The Secretary of State will be aware that, last Monday, I published my report, with the Royal Society for Public Health, on children’s mental health and social media. May I place on the record my thanks to him for his tweet in support of the report? I have asked Education Ministers and I will be doing this with the devolved institutions as well, but would he agree to a meeting with me—and with the Mental Health Minister, the Under-Secretary of State for Health and Social Care, the hon. Member for Thurrock (Jackie Doyle-Price)—to look at the report and the recommendations so that we can start working across Departments and across devolved institutions?

I would be very happy to meet the hon. Gentleman and his all-party group on social media and young people’s mental health and wellbeing. It is an incredibly important topic. We must make sure that social media is safe and that we protect children’s mental health, which the evidence increasingly shows can be negatively impacted by the wrong use of social media. Social media can be a great, powerful force for good, but it also has its downsides and we need to mitigate those, and there is a lot more coming from the Government soon.
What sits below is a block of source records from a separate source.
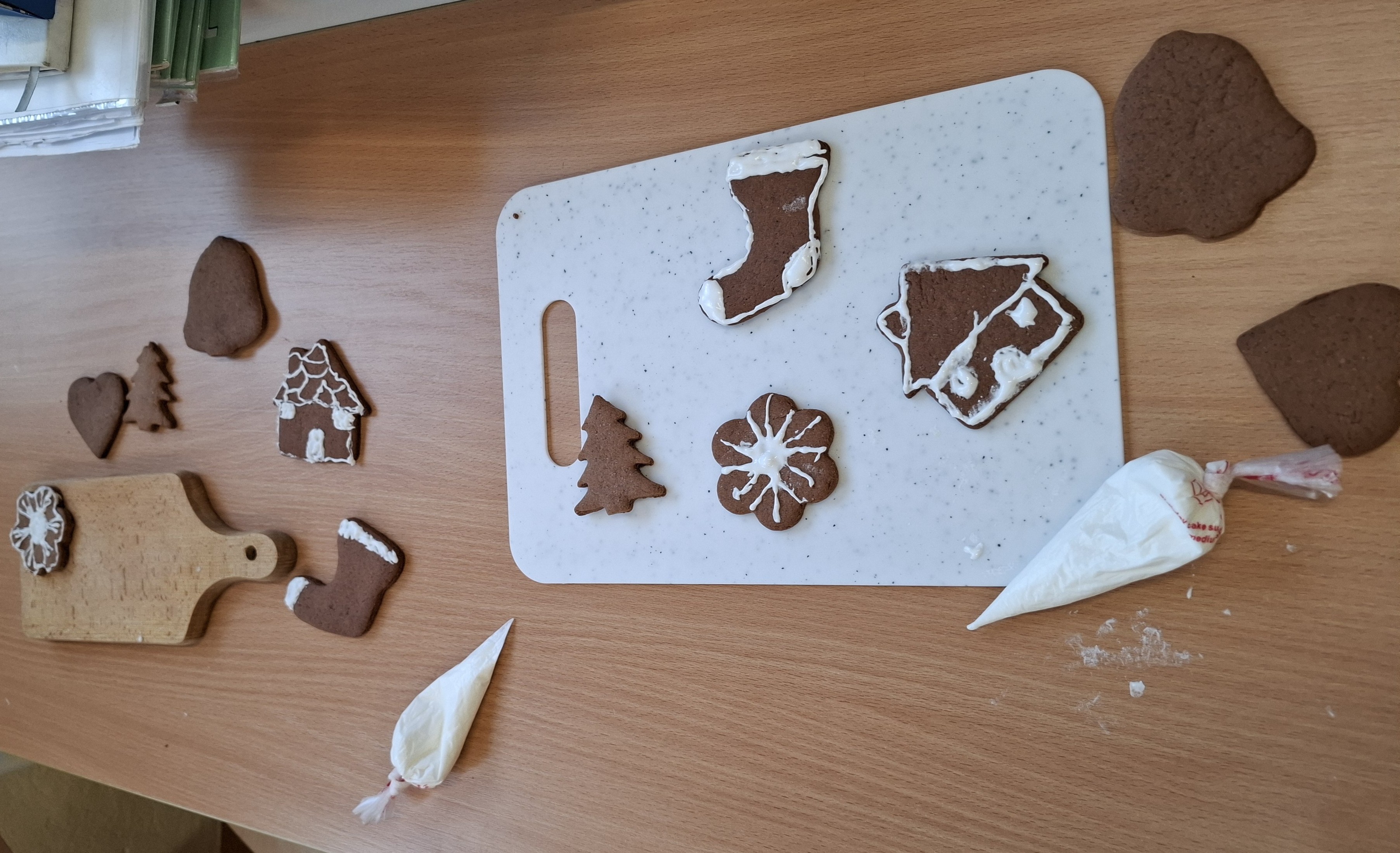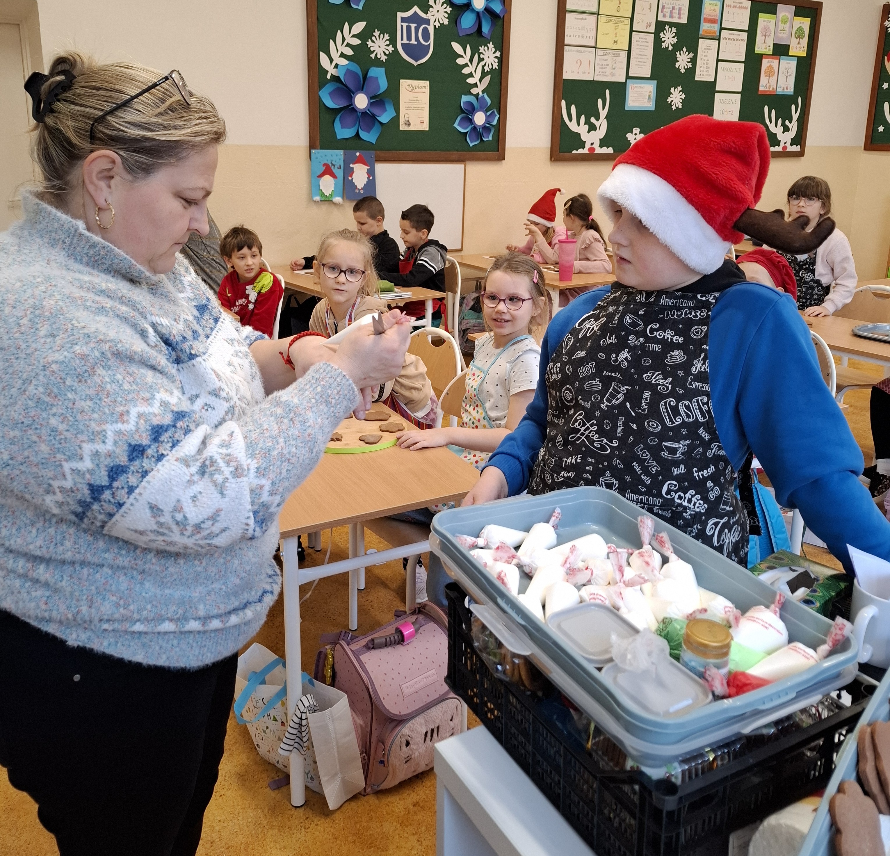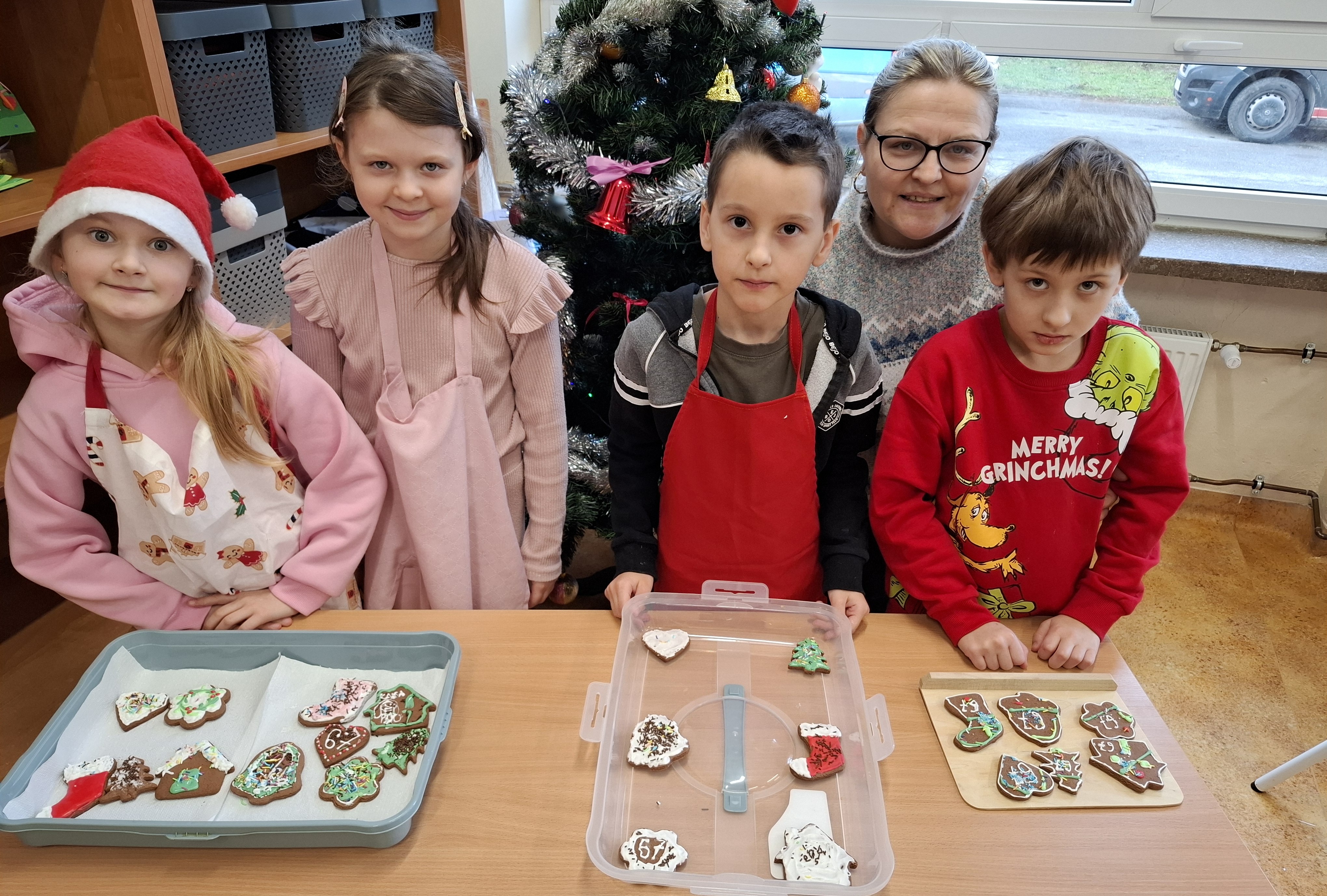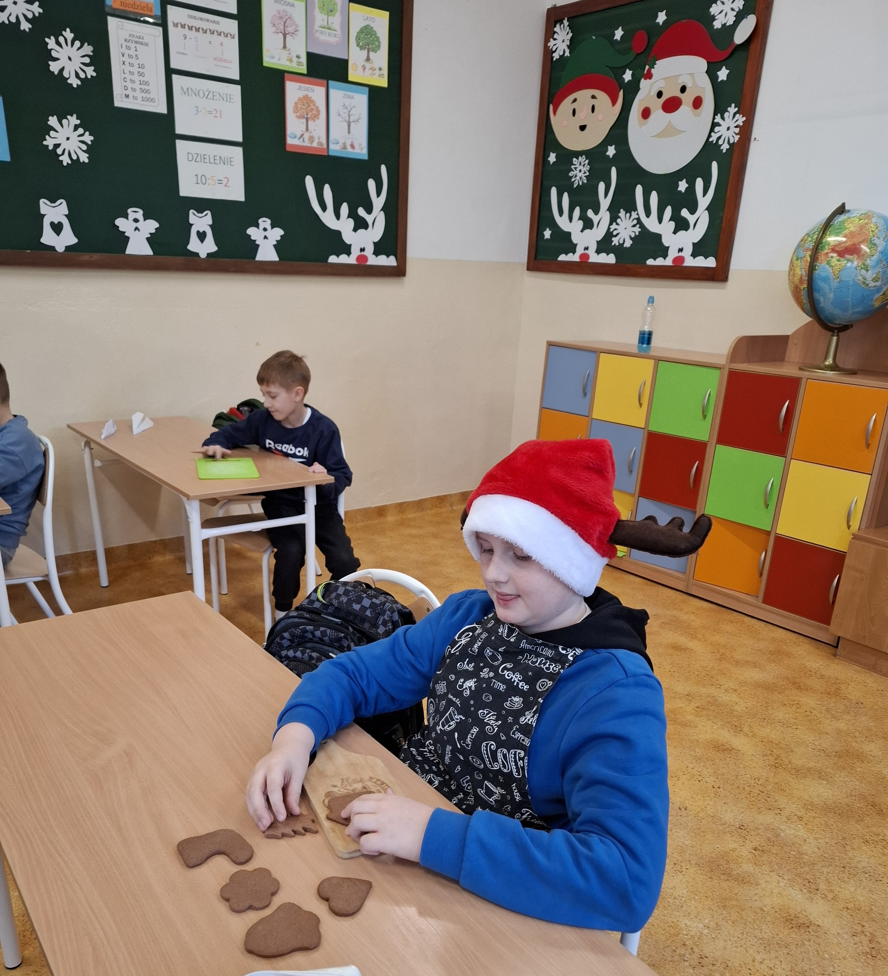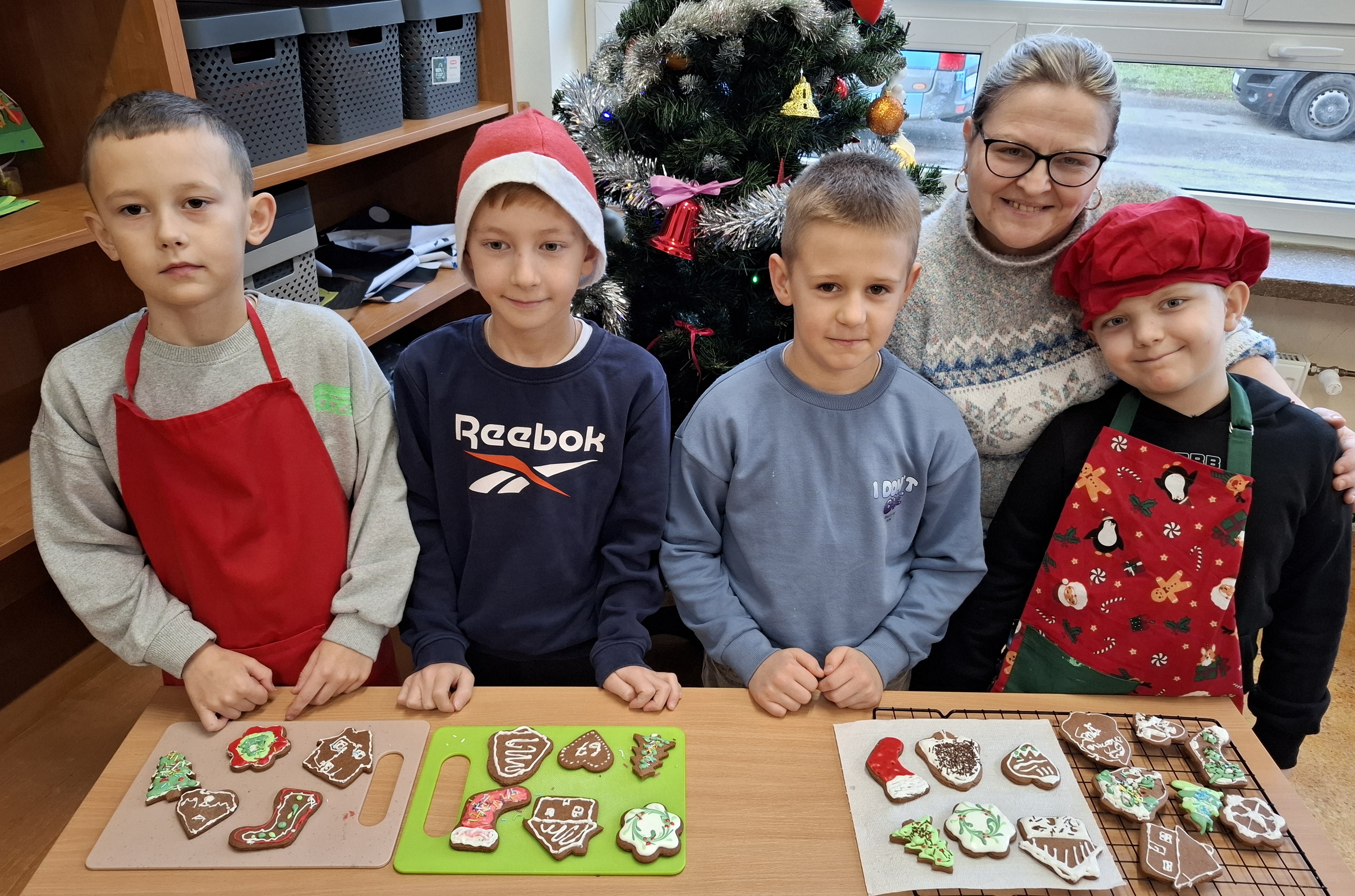 W Polsce już w XII wieku wyrabiano ciasto z miodem. 200 lat później przyprawiono je ostrymi, wonnymi korzeniami: pieprzem, goździkami, imbirem i cynamonem. To były już prawdziwe pierniki. Pieczono je na szczególne uroczystości, także dla zdrowia. W XV wieku spopularyzowano produkcję piernika, a takie miasta jak Gdańsk, Toruń i Kraków zasłynęły z ich wybornego smaku. Ciasto zarabiano 20 lat wcześniej, aby długo leżakowało i przeszło aromatem. W XVII i XVIII wieku pierniki zdobyły najwyższe uznanie. Pieczono nie tylko dla smaku i zdrowia, lecz także dla zabawy. Dla przybliżenia niezwykłej piernikowej tajemnicy przyrządzania średniowiecznych piernikowych delicji, zaprosiliśmy do naszej klasy mamę jednego z chłopców, panią Marię, która zapoznała uczniów z recepturą piernikowego ciasta, jak również wyczarowała aromatyczne pierniki o przeróżnych kształtach. Drugoklasiści własnoręcznie je udekorowali wyjątkowymi wzorami z błyszczącego lukru. Wykazali się ogromnym zaangażowaniem i kreatywnością. Było przy tym dużo śmiechu i zabawy. W czasie zajęć wszyscy degustowali korzenne ciasteczka. Warsztaty dekorowania pierników to doskonała okazja, by poczuć magię nadchodzących świąt i stworzyć własne, słodkie ozdoby świąteczne. Każdy uczestnik opuścił lekcję z piękną i smaczną pamiątką w dłoniach! Szczególne podziękowania, kierujemy do naszego gościa – pani Marii.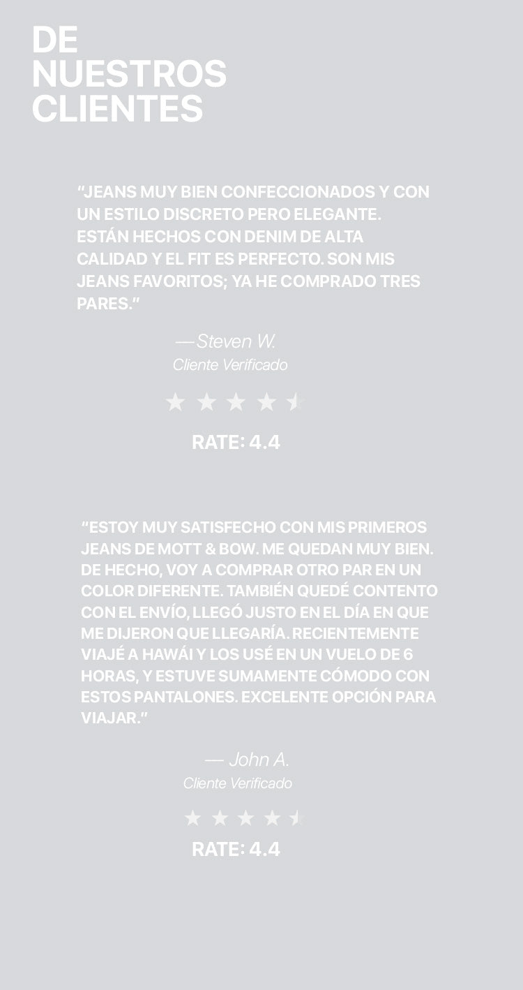 Nuestro estilo más popular, tiene un fit slim que se ajusta a la cadera, haciéndose un poco más estrecho en el dobladillo, creando una silueta alargada y halagadora para la mayoría de los tipos de cuerpo.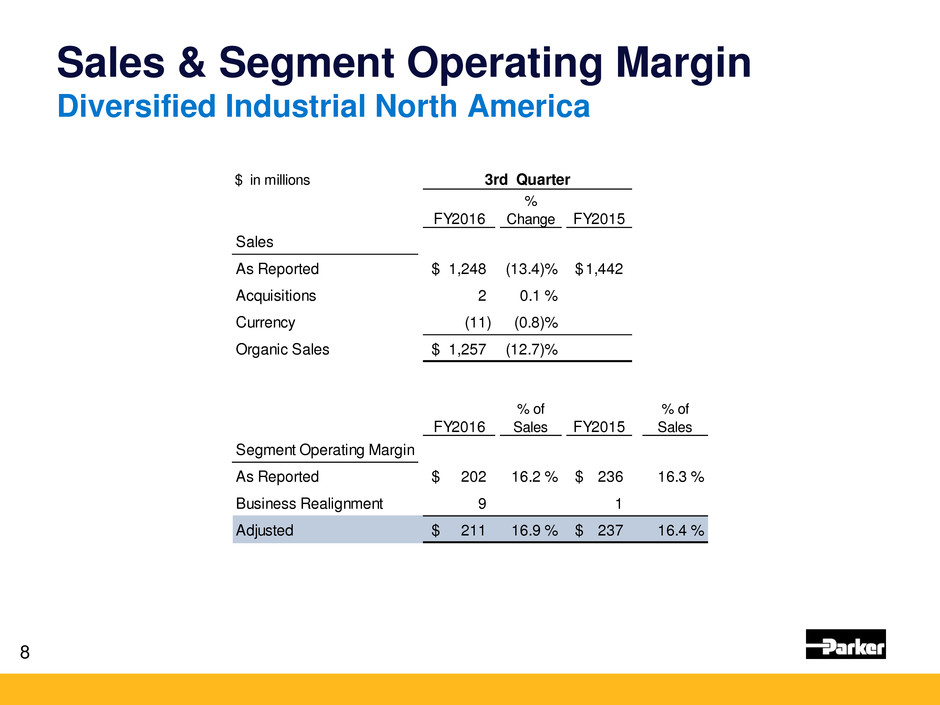 Sales & Segment Operating Margin Total Parker 7 $ in millions 3rd Quarter FY2016 % Change FY2015 Sales As Reported 2,829$ (10.6)% 3,162$ Acquisitions 9 0.3 % Currency (47) (1.5)% Organic Sales 2,867$ (9.4)% FY2016 % of Sales FY2015 % of Sales Segment Operating Margin As Reported 392$ 13.8 % 448$ 14.2 % Business Realignment 25 8 Adjusted 417$ 14.7 % 456$ 14.4 %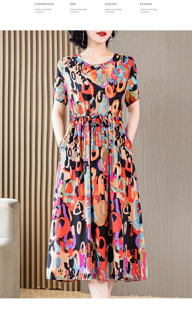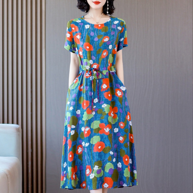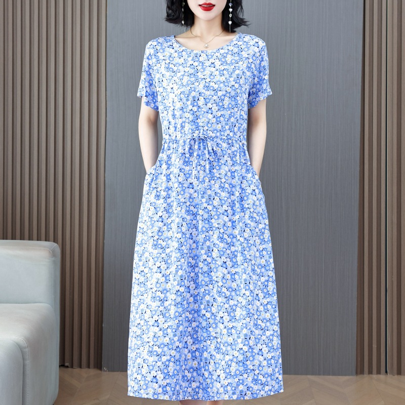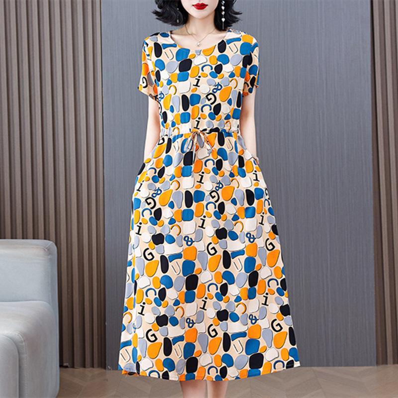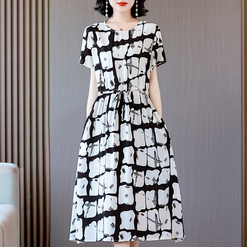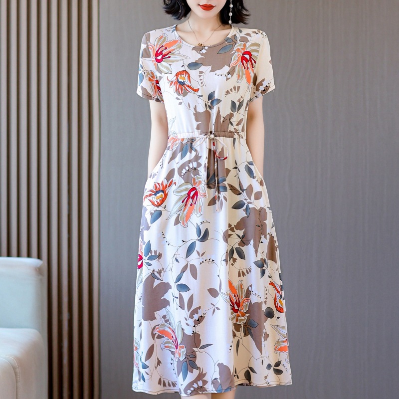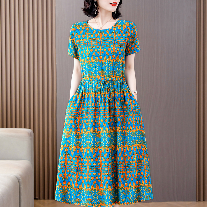 Платье из хлопкового шелка для женщин среднего и пожилого возраста 40-50 лет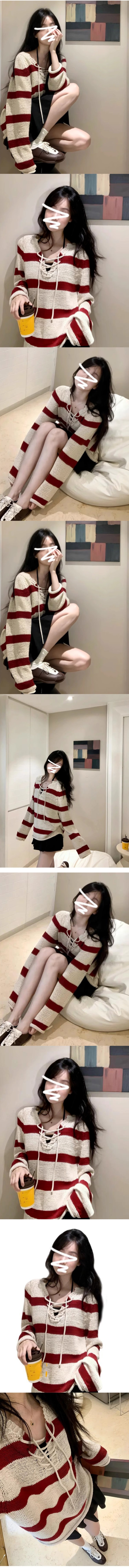 ALORA 胸前綁帶紅色塊針織上衣,ALORA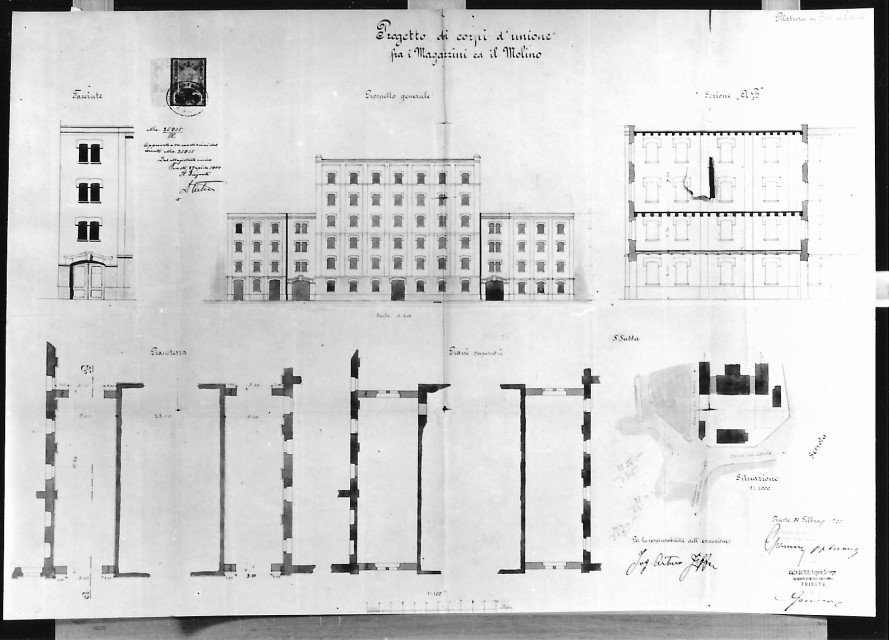 Risiera di San Sabba, progetto dei corpi d'unione fra i magazzini e il mulino
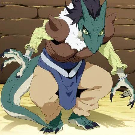 Illustrious tags: change "score_9", "source_anime", "wavy mouth" for "furry", "reptile boy", "jagged mouth"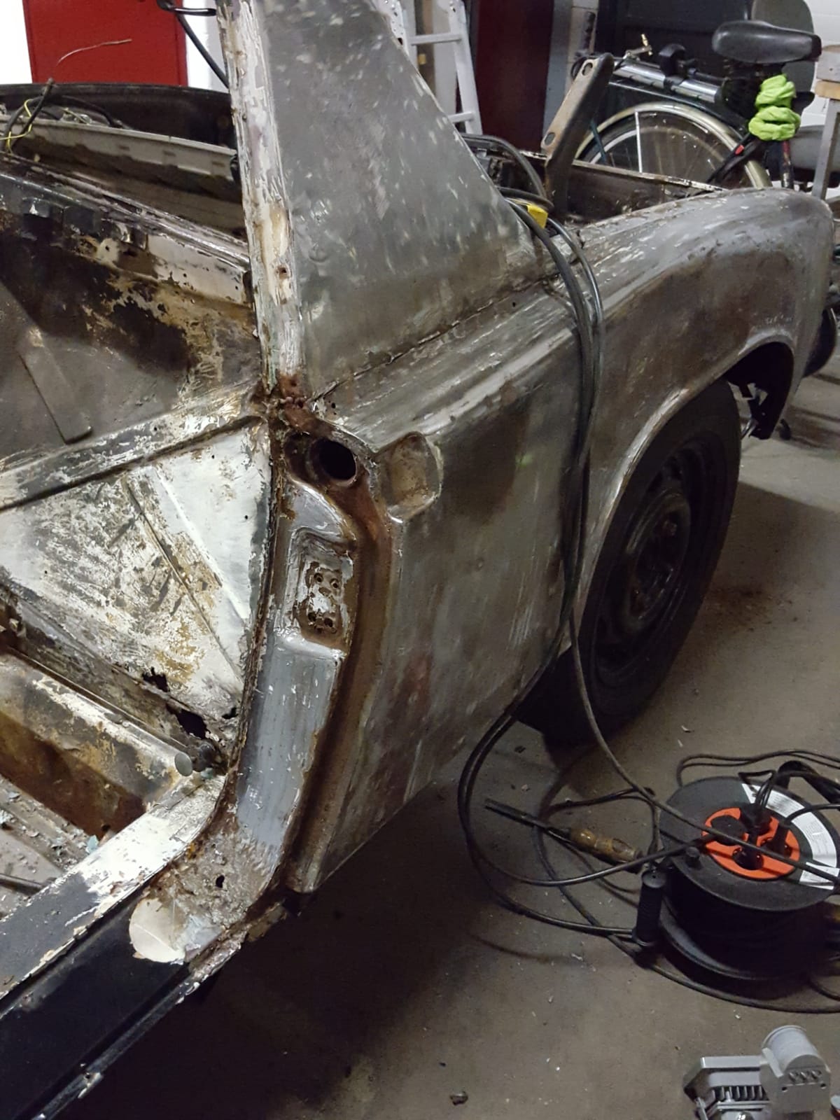 So we cut of the rear fender to check the real damage. Solid longs, rockers, jackpoints, almost solid hellhole.

May I ask the Secretary of State to meet the Sport and Recreation Alliance to hear its ideas on how we ensure children and young people lead healthier and more active lives?

Yes, I would love to. I think this is an incredibly important agenda. It ties in directly with the question from my former ministerial colleague when I was at the Department for Digital, Culture, Media and Sport, my hon. Friend the Member for Chatham and Aylesford (Tracey Crouch). There is lots to do on this agenda.

There has been an alarming rise in the need for the use of baby banks for children. While I am proud that organisations such as Little Village in Tooting are doing such amazing work, it is shocking that we even need baby banks in this day and age. Does the Secretary of State agree with me that it is a stain on this Government and highlights the drastic inequalities seen in our society?

We are determined to do everything we can to support people, especially at the time—in the first 1,000 days—that is so critical to people’s whole lives, and that is an incredibly important part of the work. Improving maternity services is important, but the link-up with other broader agencies is also important, and we should not denigrate or downplay the vital role that charities too can play in supporting people.

I thank my right hon. Friend for coming to Hinckley to see co-ordination and social prescribing in action. Will he be taking steps to further develop personal budgets, which save money and improve lives?

Yes, absolutely. Driving the social prescribing agenda, which is based on increasingly strong evidence of the power of social prescribing to help people stay healthy and get them healthy again when they are ill, will also involve wider use of personal budgets. Almost 1 million people have personal budgets.

I join my hon. Friend the Member for Manchester Central (Lucy Powell) in paying tribute to the very hon. Member for Winchester (Steve Brine), and I also pay tribute to my hon. Friend the Member for Ellesmere Port and Neston (Justin Madders). Has the Secretary of State seen Professor Clare Bambra’s research in the Journal of Epidemiology & Community Health this month, showing that inequalities in infant mortality between deprived and more affluent areas fell between 1999 and 2010 when there was a Labour Government, and then increased from 2011 to 2017? Is it not true that only Labour has the range of co-ordinated, cross-governmental policies that reduce inequalities in child health?

No. The NHS long-term plan has a whole swathe of policy to reduce health inequalities. The best thing we can do to reduce health inequalities is ensure that more people are in work, and the record number of jobs that have been delivered is a vital part of that agenda.